Escape is Latest Problem at Troubled Privately-run Texas Jail
In October 2015, Phillip Henry Freeman disappeared from the Liberty County Jail near Houston, Texas. He was recaptured living in a wooded area in Arkansas in late January 2016. His escape was the latest in a slew of problems at the 281-bed facility, which is operated by New Jersey-based Community Education Centers (CEC). In recent years the Liberty County Jail has experienced three prisoner deaths, including two suicides; two top jail administrators were fired amid allegations of sexual misconduct; one administrator was found to lack a state jailer’s license and the facility has failed a number of state inspections. [See: PLN, July 2014, p.47].
Freeman, 38, was last seen working in the jail’s kitchen prior to his disappearance. Jailers searched for four hours before declaring him an escapee; they remain uncertain how he absconded.

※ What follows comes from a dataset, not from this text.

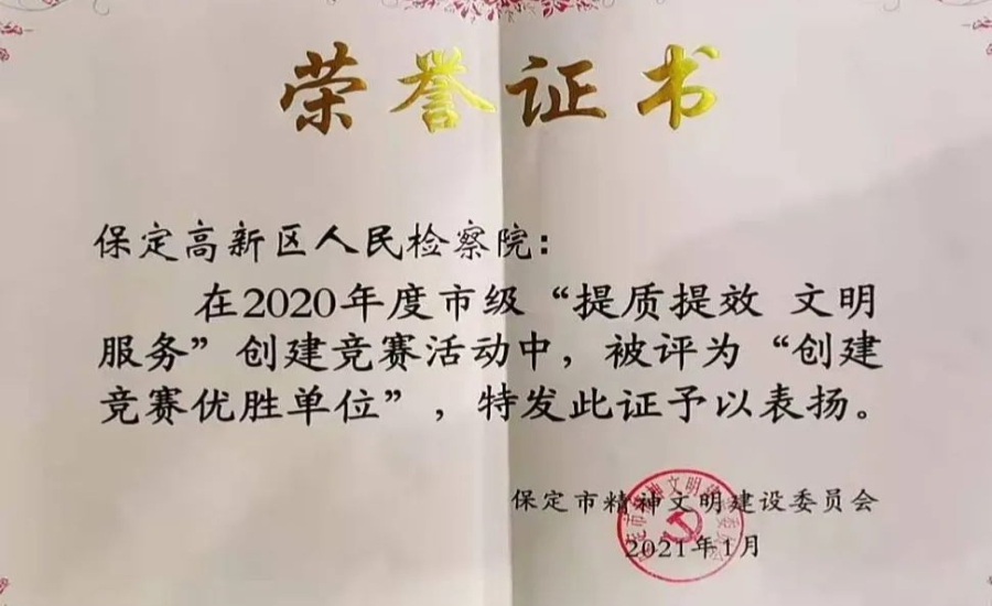 高新区检察院,作为保定市人民检察院派出机构,2016年举行揭牌仪式,并于2017年1月16日全面启动检察工作。5年来,高新区检察院奋发进取、积极作为,立足聚焦主责主业孵化器、创新创优工作实验田、培养历练人才储备库、引领检察文化新高地、服务保障发展示范院五大功能定位,将市院12343总体工作思路转化为高新区院12345检察工作施工路线图,以创新实干的实际行动、一抓到底的工作韧劲,推动高新检察事业发展取得新突破、再上新台阶。

The escape “seems to encapsulate all of the problems of turning a jail over to a for-profit prison corporation,” stated Bob Libal, executive director of Grassroots Leadership, a civil rights group that is outspoken in its opposition to prison privatization. “Including incentivizing high rates of incarceration, staffing at a very low level to maximize profits, which lead to operational outcomes like you’ve seen – failed inspections and escapes.”
On April 18, 2015, Jeremy Keith Shomo, 32, was found hanging in his cell at the Liberty County Jail; he had wrapped a shoe lace around a broken towel hook bracket to commit suicide. Just three days earlier, Beverly Ann Mooring, 57, who had been arrested for public intoxication, was discovered dead in the jail’s detox cell.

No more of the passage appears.